◆ **Directions**
The reply should match the listing below character for character, except that no image is carried over.

◆ **Given data**
⟨
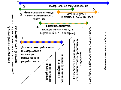 Рис. 3.3. Место и роль факторов стимулирования труда Материальные методы (линия 3) — стимулирование активности работника, конкурентный уровень оплаты труда, поддержка при значимых событиях в жизни работника, подарки, материальная помощь в критические моменты жизни, страхование на существенные суммы, оплата лекарств и т.д. Имиджевые рычаги (PR, линия 4) — общий имидж компании, статус работника успешного современного предприятия, престиж работы, корпоративные мероприятия и праздники. Организационные рычаги (линия 5) — информирование общественности о долгосрочных перспективах деятельности компании, обучение персонала, придание стабильности рабочим местам и перспектив профессионального роста. Потребность в безопасности и защите. Важный фактор, существенно влияющий на лояльность работника, его приверженность организации и стойкость в критические периоды. Для управления этой потребностью требуется применять: Материальные методы (линия 3) — конкурентный уровень оплаты труда, позволяющий делать страховые материальные сбережения, «белая» зарплата (позволяющая привлекать долгосрочные кредиты — но это отдельная тема), поддержка при значимых событиях в жизни работника, подарки, материальная помощь в критические моменты жизни, страхование на существенные суммы, оплата лекарств и т.д. Имиджевые рычаги (PR, линия 4) — общий узнаваемый общественностью имидж сильной и динамичной компании, прижизненный почетный общественный статус работника успешного современного предприятия и его поддержка, корпоративные мероприятия и праздники. Организационные рычаги (линия 5) — информирование общественности и коллектива о долгосрочных перспективах деятельности компании, обучение персонала, придание стабильности рабочим местам и перспектив профессионального роста. Физиологические потребности. Основа для заключения трудовых соглашений. При этом необходимо понимать, что под термином «физиологические потребности» должно пониматься нечто большее, чем условия концлагеря или ИТУ. Цивилизация существенно увеличила те потребности, которые у Маслоу получили наименование «физиологических». Более того, существует разделение таких потребностей по странам и регионам. Для современного определения таких потребностей следует использовать понятие «социального статуса» работника определенной квалификации с учетом исторически сложившихся условий на конкретном рынке труда. Но это уже другая история, не входящая в круг рассматриваемых вопросов. Для управления этой потребностью следует: Формировать материальное стимулирование (линия 3) таким образом, чтобы средняя материальная оценка труда работника не была ниже существующей на рынке для специалиста его квалификации. Есть и иной подход, связанный с рыночным определением материальной составляющей мотивации. Если взять объем работ, требуемый компанией за 100%, то исполнение 75% должно оплачиваться в пределах среднерыночной стоимости специалиста. Иначе говоря, среднее исполнение (по объему и качеству) работ, должно соответствовать среднему уровню зарплаты такого специалиста. Резерв по объему работ, и, соответственно, оплаты труда позволит, создать здоровую конкуренцию и привлекать тех, кто готов выполнять 100 и более %%, зарабатывая, при этом, больше, чем аналогичный специалист в другой компании. Не
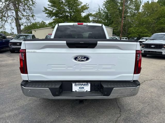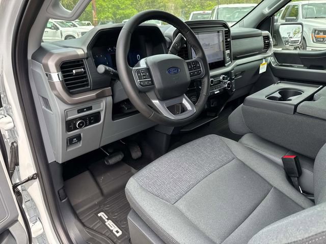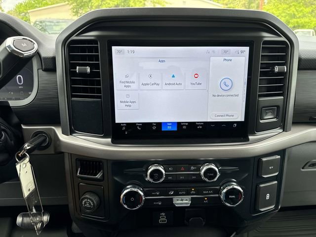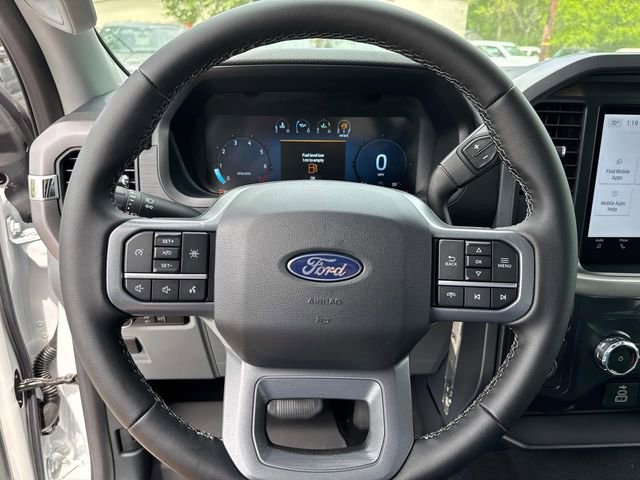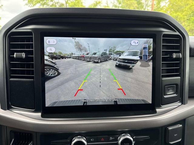 The vehicle's exterior is designed for durability, with a fully boxed steel frame and LED reflector headlamps. Inside, the F-150 offers a 12" productivity screen and power door locks, while safety is prioritized with features like AdvanceTrac™ with RSC®, front seat-mounted side impact airbags, and a tire pressure monitoring system. The warranty coverage includes a 3-year/36,000-mile bumper-to-bumper warranty and a 5-year/60,000-mile powertrain warranty, ensuring long-term reliability. With additional safety features such as BLIS with cross-traffic alert and pre-collision assist with automatic emergency braking, the F-150 XLT is well-equipped to handle both everyday and heavy-duty tasks.
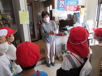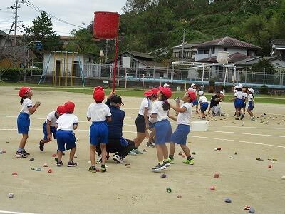 最初に、事前に作成した手作りのおもちゃを披露して、一緒に遊びました。子ども達は優しく遊び方を教えてあげていました。次に運動会の時のダンスの披露し、アサガオの種をプレゼントしました。保育所の子ども達はとても喜んでくれました。最後に保育所の子ども達から折り紙の手裏剣をプレゼントされました。
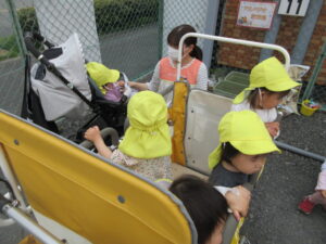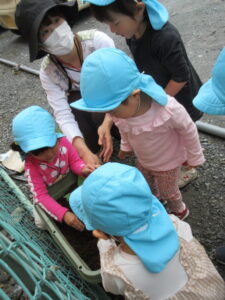 その後は、ひまわり組は園周辺散歩、そら組はピーマンの苗を植えました。
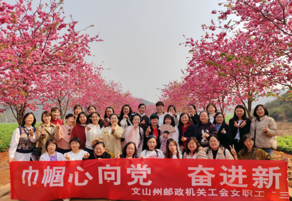 “三八”國際婦女節來臨之際,文山州郵政機關工會于3月7日組織45名女職工在硯山櫻花大道,開展“巾幗心向黨.奮斗新征程”學習二十大 喜迎春之韻三八節活動,州分公司領導班子全程參與了活動。
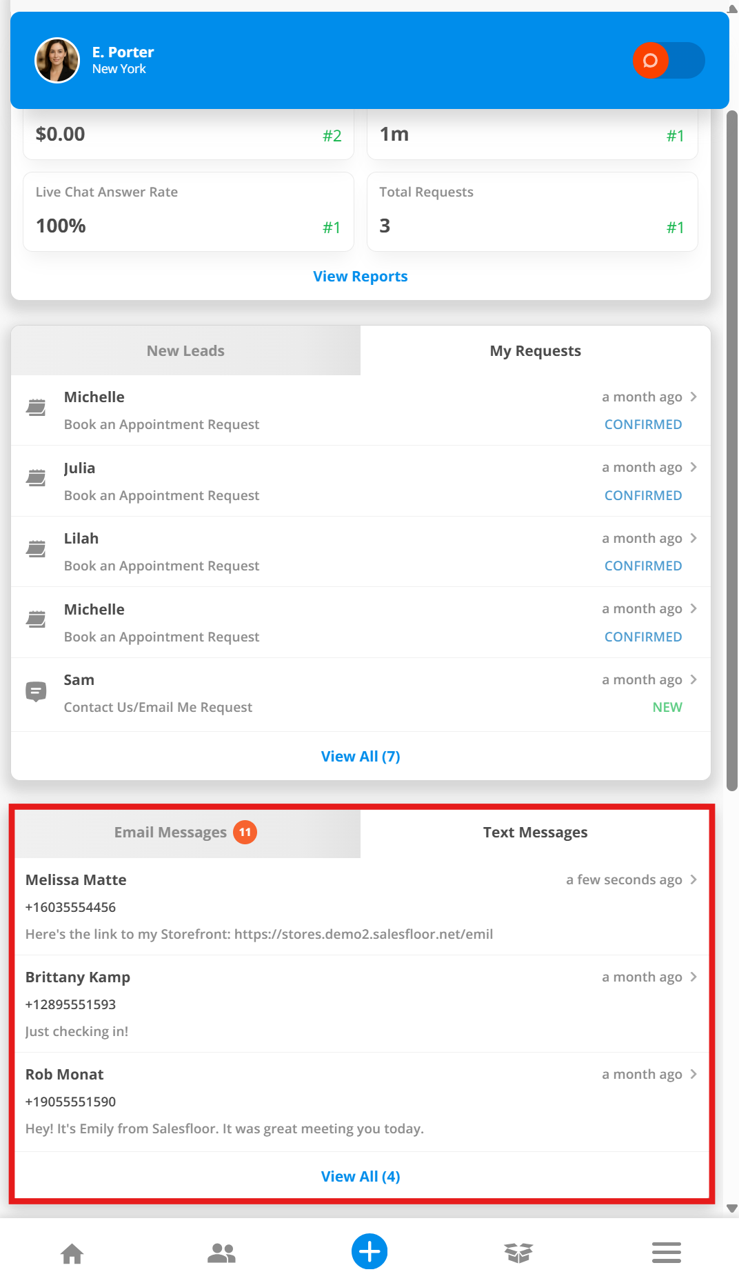 Just like all other Salesfloor communication channels (live chat, email, etc.), you will be able to
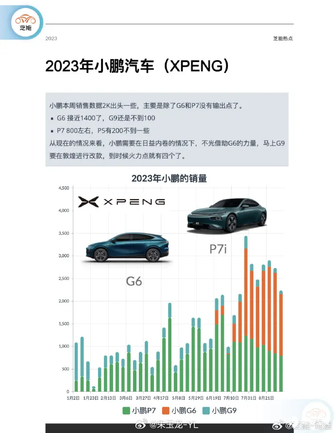 小鹏本周销量达到 2K ,主 力车型为 G6 和 P7。
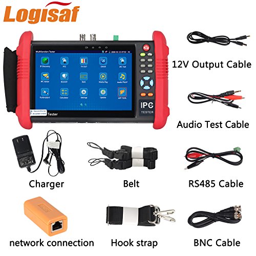 Logisaf 7 Inch CCTV Tester Monitor for Analog and Ip Camera, IPS Touch Screen IP Camera Test CVBS Analog Tester with 8G TF Card HDMI Out
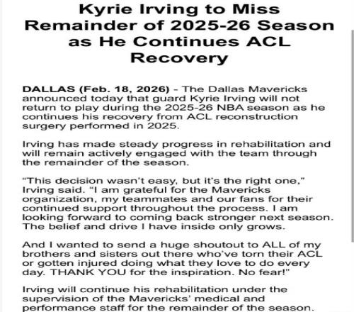 北京時間2月18日,當名記Shams報道表示,歐文本賽季不會複出,隨後獨行俠官方確認,歐文將於2026-27賽季複出回歸賽場。在獨行俠交易送走濃眉哥後,本賽季已經確定繼續重建,因而歐文複出已經沒有意義。
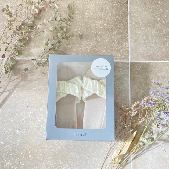 プロジェクトリーダーである商学部・飴野ゼミ4年次生の松田さんは、「市場・流通調査を踏まえて企画考案し、スリッパの機能とデザインを両立させるため、素材選びやパッケージなどにもこだわり、美容×映えを追求したところがポイントです。スリッパを『履物』ではなく、『美容グッズ』として認識してもらえるよう、工夫を重ねて仕上げた宣材写真にも注目してください」と語っています。■ 商品概要 <商品名:足裏ケア Uruvi (ウルヴィ)>【 ね ら い 】若年層のスリッパ離れに歯止めをかける!生活用品から「美容グッズ」に認識を変化させる!【コンセプト】忙しい日々の「ながら」足裏ケアスリッパ。髪を乾かしながら、SNSを見ながら、足裏ケアを。【販売開始日】2023年4月12日(水)
⟩
◆ **Exercise result**
 Рис. 3.3. Место и роль факторов стимулирования труда Материальные методы (линия 3) — стимулирование активности работника, конкурентный уровень оплаты труда, поддержка при значимых событиях в жизни работника, подарки, материальная помощь в критические моменты жизни, страхование на существенные суммы, оплата лекарств и т.д. Имиджевые рычаги (PR, линия 4) — общий имидж компании, статус работника успешного современного предприятия, престиж работы, корпоративные мероприятия и праздники. Организационные рычаги (линия 5) — информирование общественности о долгосрочных перспективах деятельности компании, обучение персонала, придание стабильности рабочим местам и перспектив профессионального роста. Потребность в безопасности и защите. Важный фактор, существенно влияющий на лояльность работника, его приверженность организации и стойкость в критические периоды. Для управления этой потребностью требуется применять: Материальные методы (линия 3) — конкурентный уровень оплаты труда, позволяющий делать страховые материальные сбережения, «белая» зарплата (позволяющая привлекать долгосрочные кредиты — но это отдельная тема), поддержка при значимых событиях в жизни работника, подарки, материальная помощь в критические моменты жизни, страхование на существенные суммы, оплата лекарств и т.д. Имиджевые рычаги (PR, линия 4) — общий узнаваемый общественностью имидж сильной и динамичной компании, прижизненный почетный общественный статус работника успешного современного предприятия и его поддержка, корпоративные мероприятия и праздники. Организационные рычаги (линия 5) — информирование общественности и коллектива о долгосрочных перспективах деятельности компании, обучение персонала, придание стабильности рабочим местам и перспектив профессионального роста. Физиологические потребности. Основа для заключения трудовых соглашений. При этом необходимо понимать, что под термином «физиологические потребности» должно пониматься нечто большее, чем условия концлагеря или ИТУ. Цивилизация существенно увеличила те потребности, которые у Маслоу получили наименование «физиологических». Более того, существует разделение таких потребностей по странам и регионам. Для современного определения таких потребностей следует использовать понятие «социального статуса» работника определенной квалификации с учетом исторически сложившихся условий на конкретном рынке труда. Но это уже другая история, не входящая в круг рассматриваемых вопросов. Для управления этой потребностью следует: Формировать материальное стимулирование (линия 3) таким образом, чтобы средняя материальная оценка труда работника не была ниже существующей на рынке для специалиста его квалификации. Есть и иной подход, связанный с рыночным определением материальной составляющей мотивации. Если взять объем работ, требуемый компанией за 100%, то исполнение 75% должно оплачиваться в пределах среднерыночной стоимости специалиста. Иначе говоря, среднее исполнение (по объему и качеству) работ, должно соответствовать среднему уровню зарплаты такого специалиста. Резерв по объему работ, и, соответственно, оплаты труда позволит, создать здоровую конкуренцию и привлекать тех, кто готов выполнять 100 и более %%, зарабатывая, при этом, больше, чем аналогичный специалист в другой компании. Не
 The vehicle's exterior is designed for durability, with a fully boxed steel frame and LED reflector headlamps. Inside, the F-150 offers a 12" productivity screen and power door locks, while safety is prioritized with features like AdvanceTrac™ with RSC®, front seat-mounted side impact airbags, and a tire pressure monitoring system. The warranty coverage includes a 3-year/36,000-mile bumper-to-bumper warranty and a 5-year/60,000-mile powertrain warranty, ensuring long-term reliability. With additional safety features such as BLIS with cross-traffic alert and pre-collision assist with automatic emergency braking, the F-150 XLT is well-equipped to handle both everyday and heavy-duty tasks.
 最初に、事前に作成した手作りのおもちゃを披露して、一緒に遊びました。子ども達は優しく遊び方を教えてあげていました。次に運動会の時のダンスの披露し、アサガオの種をプレゼントしました。保育所の子ども達はとても喜んでくれました。最後に保育所の子ども達から折り紙の手裏剣をプレゼントされました。
 その後は、ひまわり組は園周辺散歩、そら組はピーマンの苗を植えました。
 “三八”國際婦女節來臨之際,文山州郵政機關工會于3月7日組織45名女職工在硯山櫻花大道,開展“巾幗心向黨.奮斗新征程”學習二十大 喜迎春之韻三八節活動,州分公司領導班子全程參與了活動。
 Just like all other Salesfloor communication channels (live chat, email, etc.), you will be able to
 小鹏本周销量达到 2K ,主 力车型为 G6 和 P7。
 Logisaf 7 Inch CCTV Tester Monitor for Analog and Ip Camera, IPS Touch Screen IP Camera Test CVBS Analog Tester with 8G TF Card HDMI Out
 北京時間2月18日,當名記Shams報道表示,歐文本賽季不會複出,隨後獨行俠官方確認,歐文將於2026-27賽季複出回歸賽場。在獨行俠交易送走濃眉哥後,本賽季已經確定繼續重建,因而歐文複出已經沒有意義。
 プロジェクトリーダーである商学部・飴野ゼミ4年次生の松田さんは、「市場・流通調査を踏まえて企画考案し、スリッパの機能とデザインを両立させるため、素材選びやパッケージなどにもこだわり、美容×映えを追求したところがポイントです。スリッパを『履物』ではなく、『美容グッズ』として認識してもらえるよう、工夫を重ねて仕上げた宣材写真にも注目してください」と語っています。■ 商品概要 <商品名:足裏ケア Uruvi (ウルヴィ)>【 ね ら い 】若年層のスリッパ離れに歯止めをかける!生活用品から「美容グッズ」に認識を変化させる!【コンセプト】忙しい日々の「ながら」足裏ケアスリッパ。髪を乾かしながら、SNSを見ながら、足裏ケアを。【販売開始日】2023年4月12日(水)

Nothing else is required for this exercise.